Screw you, celebrity entertainment complex! I hope you all die in a fire.

Wednesday, July 14, 2010

mood swing

Today's random hormonal shift yields equal parts impending doom, intense yearning, and free-floating anxiety.

Tuesday, July 13, 2010

July in Mississippi

Seriously, it's too hot to string together enough words to form a coherent sentence, much less have original thoughts.

I commend all two of my readers to visit the blogs on my sidebar, which apparently are written in, like, the Arctic Circle or summat, or else written by people who do not wilt in 97-degree heat and 90% humidity, as I am prone to do.
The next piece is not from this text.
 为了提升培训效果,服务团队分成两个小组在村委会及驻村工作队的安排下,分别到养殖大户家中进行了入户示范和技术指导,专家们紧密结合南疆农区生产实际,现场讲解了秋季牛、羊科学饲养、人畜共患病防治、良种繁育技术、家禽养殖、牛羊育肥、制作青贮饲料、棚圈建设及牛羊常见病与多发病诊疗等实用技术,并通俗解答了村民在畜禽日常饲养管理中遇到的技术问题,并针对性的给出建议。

Ain't much happening here. I've spent the last week resisting the urge to burn down the house of a lying, cheating fuckwit who can't keep his dick in his pants. Lucky for him he lives three hours away, or I might've at least showed up on his porch to see how long it would take to make him cry. Alas, he and I are scheduled to be in the same building this Saturday. I hope he doesn't show, because I'm actually in no mood for drama. I'm kind of hoping he'll drop dead between now and then.

Friday, July 09, 2010

World Whatsit

There was so much hollering on Facebook recently about the World Whatever that I totally thought it was finally OVER. Turns out it's STILL GOING ON. Who knew?

Thursday, June 03, 2010

An open letter to the grocery cashiers of Buttcrack

[As I may have mentioned once or maybe a thousand times, I live in Buttcrack, MS, deep in the heart of Dumbfuckistan.]
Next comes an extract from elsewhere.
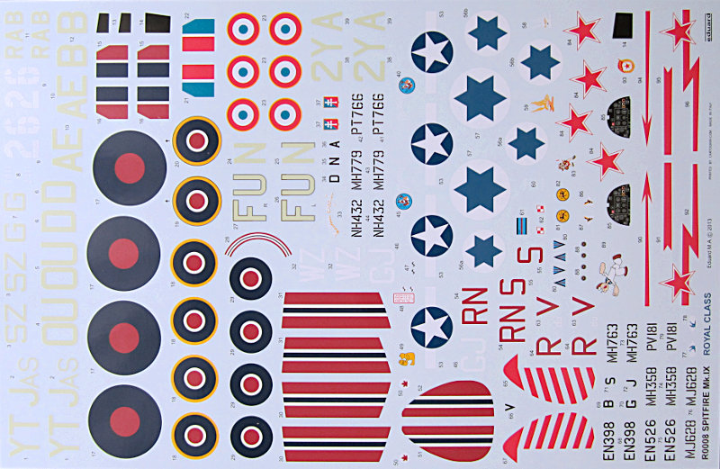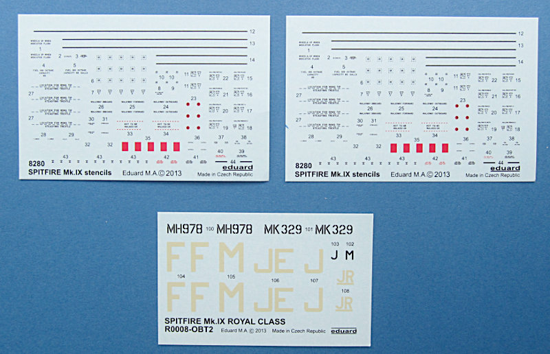 40 – vierzig – verschiedene Vorbilder können nachgebildet werden. Zwei A4 große Decalbögen von Cartograf enthalten diese Markierungen. Hinzu kommen noch zwei kleine Bögen Wartungshinweise von Eduard und ein kleiner Korrekturbogen. Dem Bausatz liegt auch ein spezieller Briefumschlag, mit Sonderbriefmarke und Poststempel vom 13.08.2013 bei... also auch etwas für Philatelisten. Nicht zuletzt ist auch ein Buch (softcover im A4 Format) von Zdenek Hurt enthalten. Hier wird auf die Geschichte der tschechoslowakischen Spitfire während und nach dem Zweiten Weltkrieg eingegangen. Es gibt kurzbiografiern und die Bemalungsvarianten werden auch anhand von Vorbildfotos dargestellt.... allerdings Alles in tschechisch. Natürlitsch.

Dear Grocery Store Cashier:

I belong to a sub-culture known in these parts as "Treehuggers". One of the quaint customs of my people is the use of re-usable tote bags at the grocery store. You may have heard of it before. I hear it's very big in Japan, this custom. Also in most places where people don't want to use a plastic bag for ten minutes that will then go into a landfill for decades. I know, it's a crazy idea. Humor me, though, okay? Approximately 9 out of the 10 times I get into line with my tote bag, you are dumbfounded. Even at the grocery store where I shop like three times a week. Seriously, whatever you are doing that wrecks your memory, cut it out, okay?

Let me help you out here with some advice.
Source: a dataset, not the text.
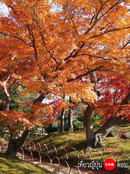Korakuen เป็นสถานที่ที่เหมาะแก่การชมใบไม้เปลี่ยนสี โดยในแต่ละปีช่วง กลางเดือนตุลาคม จนถึง ต้นธันวาคม ใบไม้ท่สวนแห่งนี้จะสลับกันผลัดเปลี่ยนสีสันสวยงามมาก นี่ขนาดช่วงที่ไปมา เป็นต้นเดือนธันวา ซึ่งถ้าเป็นที่อื่นคงจะทยอยร่วงไปกันหมดแล้ว แต่ที่สวนแห่งนี้ ยังมีใบไม้ทั้งเหลือง ส้ม แดง ให้ชมกันอย่างจุใจ

1. Do not try to charge me for my own bag and be mystified that it lacks a tag. It's RE-USABLE, see? So I bring in my own.

2. This happens probably 5 out of 10 times: you ask, "Do you want me to put EVERYTHING in this bag??" Hm, I don't know. Depends on how much stuff I have. It's not a TARDIS, see, so if I happen to have picked out more stuff than will fit in the bag, then, you know, put the rest in disposable plastic. I will re-use it for cat litter. Easy peasy, see?

3. I realize that the custom in most stores is to put one item, maybe two in each bag. But I'm guessing that somewhere along the line, you learned NOT to put squashable things in the bottom of a bag. For example: eggs, bread, chips, $5 bags of organic baby spring greens, bananas; these do not go in the bottom. Do not give me the stinkeye when I stop you from dropping canned goods and orange juice on top of squashable things.

4. If I have, say, a box of cat litter and two smaller items, do not put the 15-pound box of cat litter in the tote bag. This is just fucking stupid. Would you put it in a plastic bag? No. Do you think the bag is made of woven titanium and not some kind of flimsy fiber? God, I hope not. Seriously, put the small shit in the bag, and I will carry the cat litter with the HANDLE ON TOP OF IT.

5. Do not bag my items in plastic before putting them into the tote bag. This just defeats the purpose. You DO understand the purpose, right? To not waste plastic bags??

6. When I tell you not to pre-bag my items in plastic, don't roll your eyes, take the item you already bagged out of the plastic bag, wad it up, and throw it away. I can't tell you how depressing it is when you do that.

Sincerely,
Jezebella

Tuesday, June 01, 2010

harassment via direct mail

So, this charming piece of crap appeared in my mailbox last week.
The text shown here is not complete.